Он даже и теперь не уверен, что она открылась после этих произнесенных им слов.
Венька поглядывал то на Машу, то на Полю и не видел, как Казик, пряча улыбку, подмигивает Шурке. Не знал Старовойтенко, что накануне ребята побывали у Ирины Владимировны, говорили об отрядных делах.
- Счастливый ты человек, - смеялась Маша.
- В рубашке родился.
- А сочинение напишешь?
- Конечно...
И еще одна радость ждала друзей в тот вечер. И была особенно приятной для Шурки.

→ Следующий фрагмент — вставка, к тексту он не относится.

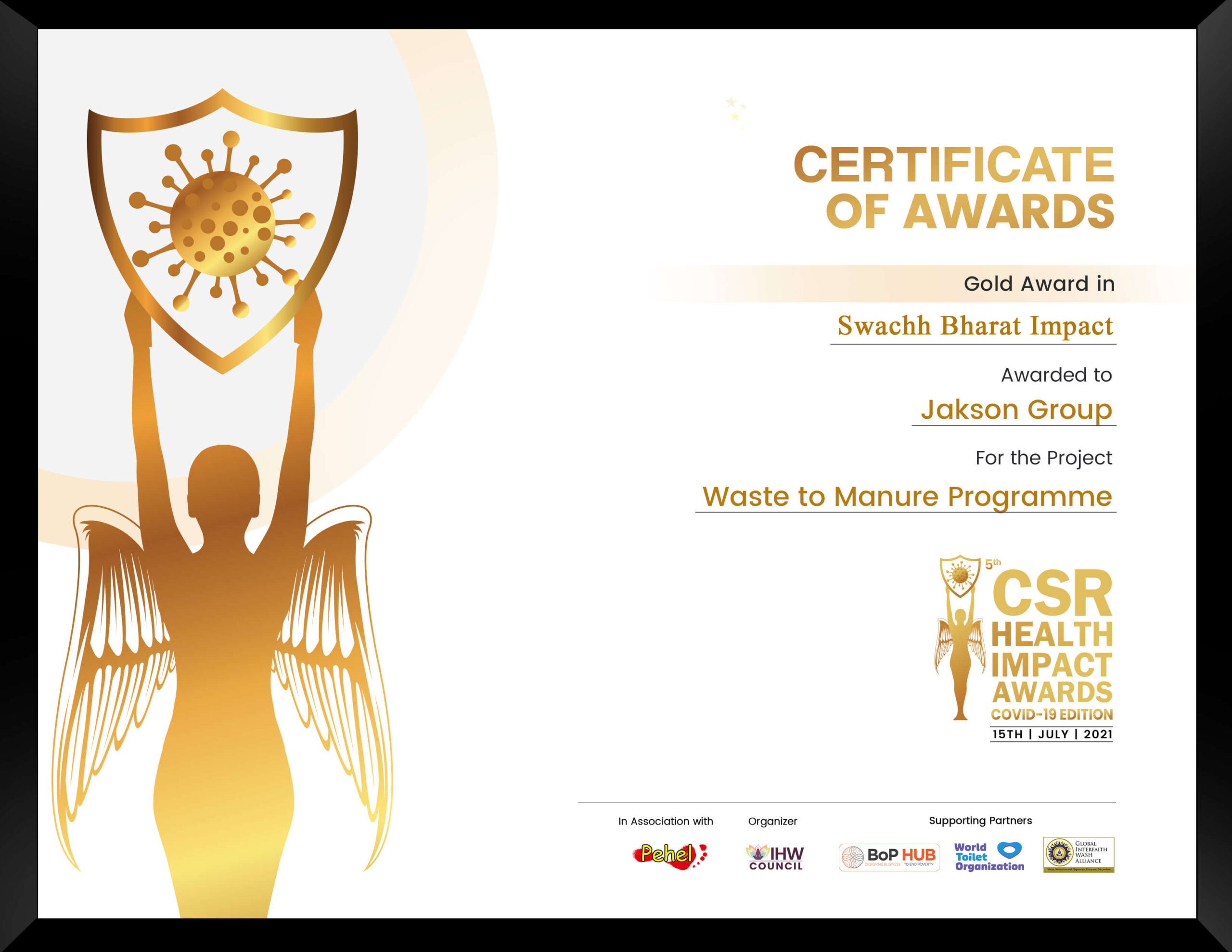 The Waste to Manure Project, initiated by Jakson Group to promote household waste segregation at the source in Anand Vihar, New Delhi, has been recognized with the Gold Award in “Swachh Bharat Impact.” We thank our partners, volunteers, and community for their commitment and cooperation towards this project.

Как только они вошли в дом, навстречу им, придерживая на плечах белый пуховый платок, вышла Шуркина мама. Лицо ее светилось счастьем. Она едва слышно шепнула: "Тсс!" - и показала глазами на диван. Там, заложив руки за голову, крепко спал Микола. Он лежал на спине, дышал ровно, глубоко.
"Так вот как спят продавши пшеницу!" - почему-то подумал Казик. Он растерянно оглянулся, не зная, что делать: не лучше ли повернуть обратно. Неудобно чувствовали себя, переглядывались девочки.
- Проходите, - тихо пригласила их Шуркина мама и повела за собой в другую небольшую комнатку. Села к столу, попросила всех подойти ближе и торжественно приподняла рушник. Под ним лежал, словно только что из печи, огромный пшеничный каравай.
- С целины? - спросил Шурка.
- Оттуда, сынок. Попробуйте. - Она взяла нож, стала нарезать хлеб толстыми ломтями, а сама все приговаривала: - Какой душистый! Слышите? А красавец какой! Как солнышко! Нет, такого хлеба вы еще не едали. Берите, берите. Сейчас молочка принесу.
- Я сам, мама, - Шурка вскочил со стула и вдруг застыл, увидев на этажерке новенькую кинокамеру. - Что это?
- А это - тебе, - сказала мать. - От Миколы.
Шурка посмотрел на спящего брата. Померещилось, что ли: Микола хитровато мигнул глазом и снова прижмурился. Но Шурка и не стал ждать, когда тот подмигнет снова. Подпрыгнул и, словно подхваченный вихрем, бросился к брату с радостным криком: "Ага, так ты не спишь!" Ведь надо же скорей, как можно скорей рассказать о том, что произошло здесь, пока он работал на целине. И как они письмо от него получили. И что у них теперь Клуб изобретателей есть. И что он, Шурка, не отступится от своих опытов с объемным кино. И какой сбор им предстоит провести. И что Ирину Владимировну они пригласили!
Оказавшись в крепких объятиях брата, Шурка прижался к его щеке и вдруг радостно засмеялся:
- Мама, Казик! Идите сюда все, все... Скорей! У нашего Миколы растет борода... Как у Агея Михайловича! Ой-ой! Не щекочи... Спасите! Ребята, спасите!..
Квартира Протасевичей сразу же наполнилась веселым гомоном, какого здесь давненько не слыхали.
Вместе со всеми беззаботно смеялся и Венька.